When the first retail clinics were launched, the original goal wasn’t to provide better care than a doctor’s office but rather to make care more accessible, said Dr. Kaveh Safavi, managing director for global healthcare business at the consulting firm Accenture. These days, retail clinics tend to offer three types of care: urgent, chronic and primary. “There are different theories about what services should be provided,” Safavi said, and “people haven’t exactly clarified what the purpose of the retail clinic is.”

What is not debated, however, is the business opportunity these clinics present to retailers. “Either you’re making money because of the visits themselves or because of the things people are purchasing before or after visits,” Safavi said. “It’s really about real estate for primary care. All you want is physical proximity to patients.” Overall, he suggested clinics could have a positive impact on the health care landscape because “if you can give people, when their doctor can’t see them, [a place] that is not the emergency room, overall that’s a long-term benefit.”

Staffed by physicians’ assistants and nurse practitioners, retail health clinics can scoop up patients who want quick treatment for relatively minor issues. Some clinics have also expanded services to include some aspects of preventative care, like immunizations, and to manage chronic conditions like diabetes. The model is promising enough that even Whole Foods, which has been struggling with poor sales in recent years, is considering opening medical clinics in its stores although a company spokesperson said it had not yet “finalized a model or location for this concept.”

For CVS, revenues from its MinuteClinics saw a 11.4 percent year-over-year increase in the first quarter of 2014. Walgreens spokesman Jim Cohn would not share how much of an increase in sales the company attributed to health care customers who then make other purchases. However, “the expectation is that patients who come into the store to see a health care clinic provider would also purchase other items while there,” he said in an email.

The first retail clinic was established in the Minneapolis-St.Paul area in 2000. Run by QuickMedx, it eventually was bought by CVS to become a MinuteClinic. It was cash only, offering testing and treatment for strep throat, mono and minor infections. Retail clinics have evolved since then, but they remain different from urgent care centers, which have certified physicians on staff and can do more testing, like X-rays.

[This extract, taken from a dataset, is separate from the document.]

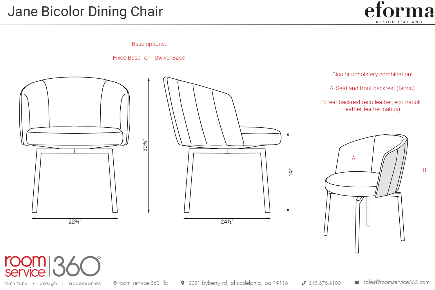 Customize your experience by choosing from various fabric, leather, and eco-leather upholstery options, as well as different metal finishes for the base. Part of the Jane collection designed by Antoy Filips, the Jane bicolor dining chair is meticulously manufactured by Eforma in Italy.

Catering to a specific population

Dr. Yasmin Meah, director of the East Harlem Health Outreach Partnership, a free clinic run by students at the Icahn School of Medicine at Mount Sinai in New York, said her clinic’s patients were too impoverished and in too poor health to seek out care at retail clinics. “In general, retail clinics are not an option for patients who come to free clinics,” she said, as most come without health insurance and with chronic illnesses that for years have not been well monitored. “For the uninsured, I don’t know if these are going to be a great access point” for health care, she said of retail clinics. “If they went to a clinic, their care would be so fragmented, and the context of their illness wouldn’t be accounted for.”

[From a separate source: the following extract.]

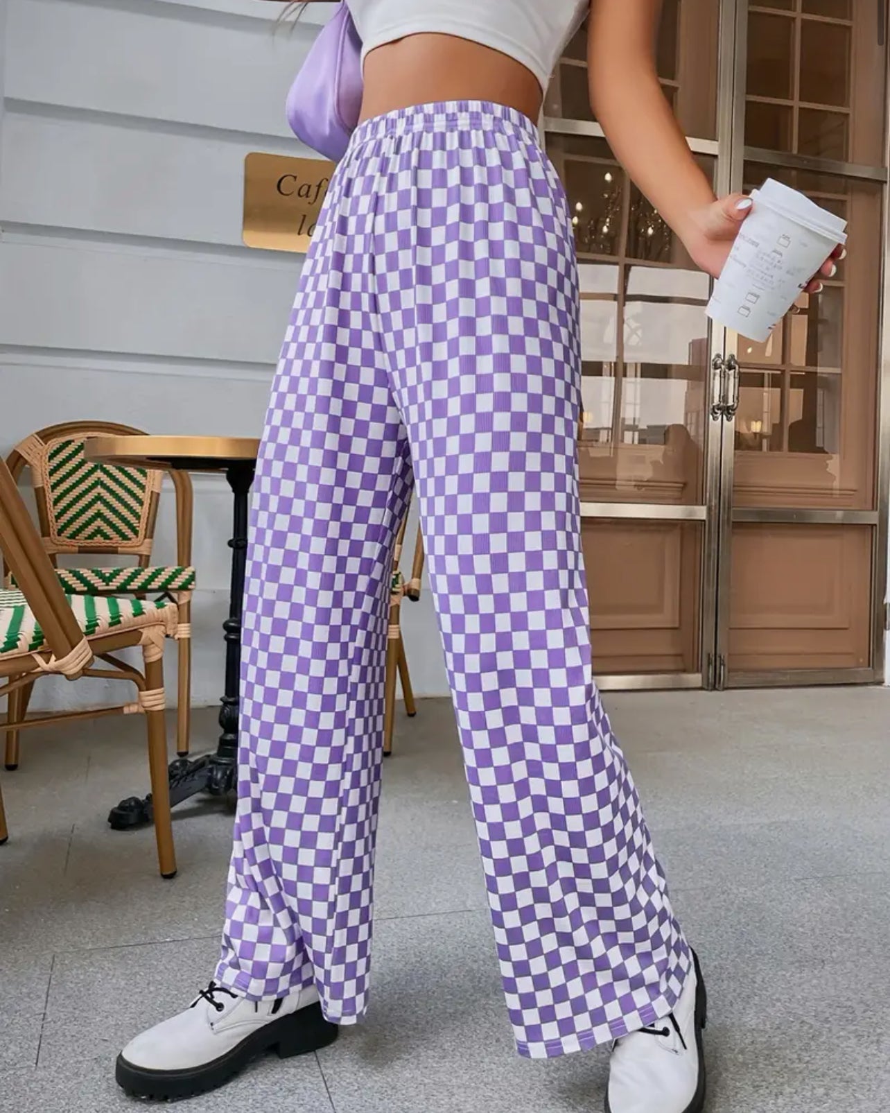 The Groovy Girl Pants feature a stylish checkered pattern, adding a retro touch to any outfit.

Patients who do look to retail clinics for care tend to be relatively healthy. That means retail clinics could be important points of access, especially in rural areas.

“The idea that retail clinics are preferentially serving those who are usually underserved is not borne out in the data,” said Dr. Ateeve Mehrotra, an adjunct policy analyst at Rand Corp. and an associate professor in the Department of Health Care Policy at Harvard Medical School in Massachusetts.

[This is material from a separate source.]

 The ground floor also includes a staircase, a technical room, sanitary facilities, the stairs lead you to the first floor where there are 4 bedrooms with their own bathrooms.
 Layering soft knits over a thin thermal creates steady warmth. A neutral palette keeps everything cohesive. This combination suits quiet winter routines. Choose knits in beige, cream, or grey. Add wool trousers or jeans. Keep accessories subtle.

If a genuinely sick person went to a retail clinic instead of a doctor or the emergency room, money would be saved, he said. But if a person went to a retail clinic for an ailment that a clinic or doctor couldn’t cure, like a cold, then they would increase spending. Like at doctors’ offices, “the majority of the conditions that are being treated at a retail clinic are self-limiting illnesses that would’ve gotten better on their own,” he said. No concrete answers have been found, he said, but “that is one of the concerns I have.”